For each group, I would take 20 random samples without replacement and varying sampling size starting from 10 and increasing by 5 up to 95.对于每组,我将随机抽取 20 个样本而无需替换,样本大小从 10 开始,从 5 增加到 95。

Thus for each group I want 20 samples with size=10, 20 samples with size=15....20 samples with size=95.因此,对于每组,我想要 20 个大小为 10 的样本,20 个样本大小为 15....20 个样本大小为 95。

Any idea on how to do it using some tidyverse solution?关于如何使用一些 tidyverse 解决方案做到这一点的任何想法?
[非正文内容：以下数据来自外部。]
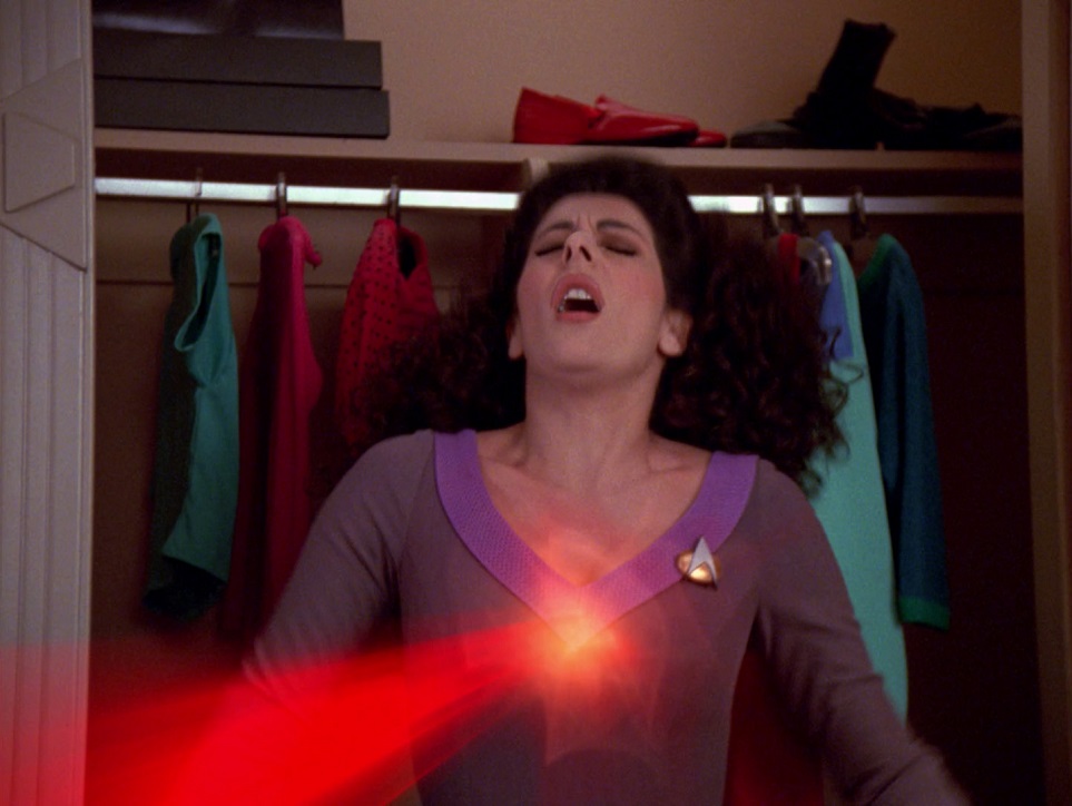 Behind the Scenes/Trivia: Episodes involving energy aliens coming on the ship have been occurring since the first season: Lonely Among Us, The Child, The Bonding, Power Play, and Cost of Living. This one is tied for the weakest. This is one of only three episodes in which we see the arboretum, the other two being Data’s Day and Dark Page. You will see Noley, who plays Clara, in the DS9 Episode Shadowplay. Brannon Braga, who ended up being responsible for most of the script called this episode his most satisfying episode in season 5. What?! What’s worse, he chose to develop this story instead of doing a Q episode this season. What?!?

At the moment I did this:目前我这样做了:

data %>% 
  group_by(group) %>% 
  nest() %>% 
  mutate(v=map(data,~rep_sample_n(.,size=10,replace=FALSE,reps=20))) %>% 
  unnest(v)

It seems correctly replicate 20 times a sample with size=10, but still I need to change the size...它似乎正确地复制了大小为 10 的样本 20 次,但我仍然需要更改大小...

Thanks.谢谢。

You could create a sequence of sample sizes, wrap your group_by/nest/etc dude into a For loop, then add each new sample to a list.您可以创建一系列样本大小,将 group_by/nest/etc 包到 For 循环中,然后将每个新样本添加到列表中。

Notice how the size argument in ~rep_sample_n is now sizes[i] rather than a fixed number.注意~rep_sample_n的 size 参数现在是 size sizes[i]而不是固定数字。

sizes <- seq(10,95,by=5)

sample_list <- list()

for (i in 1:length(sizes)){

  new_data <- data %>% 
    group_by(group) %>% 
    nest() %>% 
    mutate(v=map(data,~rep_sample_n(.,size=sizes[i],replace=FALSE,reps=20))) %>% 
    unnest(v)
  
  sample_list[i] <- new_data

}

I am suggesting a for loop instead of lapply() , as it makes more sense to me and this application doesn't take much time anyway.我建议使用for循环而不是lapply() ,因为它对我来说更有意义,而且这个应用程序不会花费太多时间。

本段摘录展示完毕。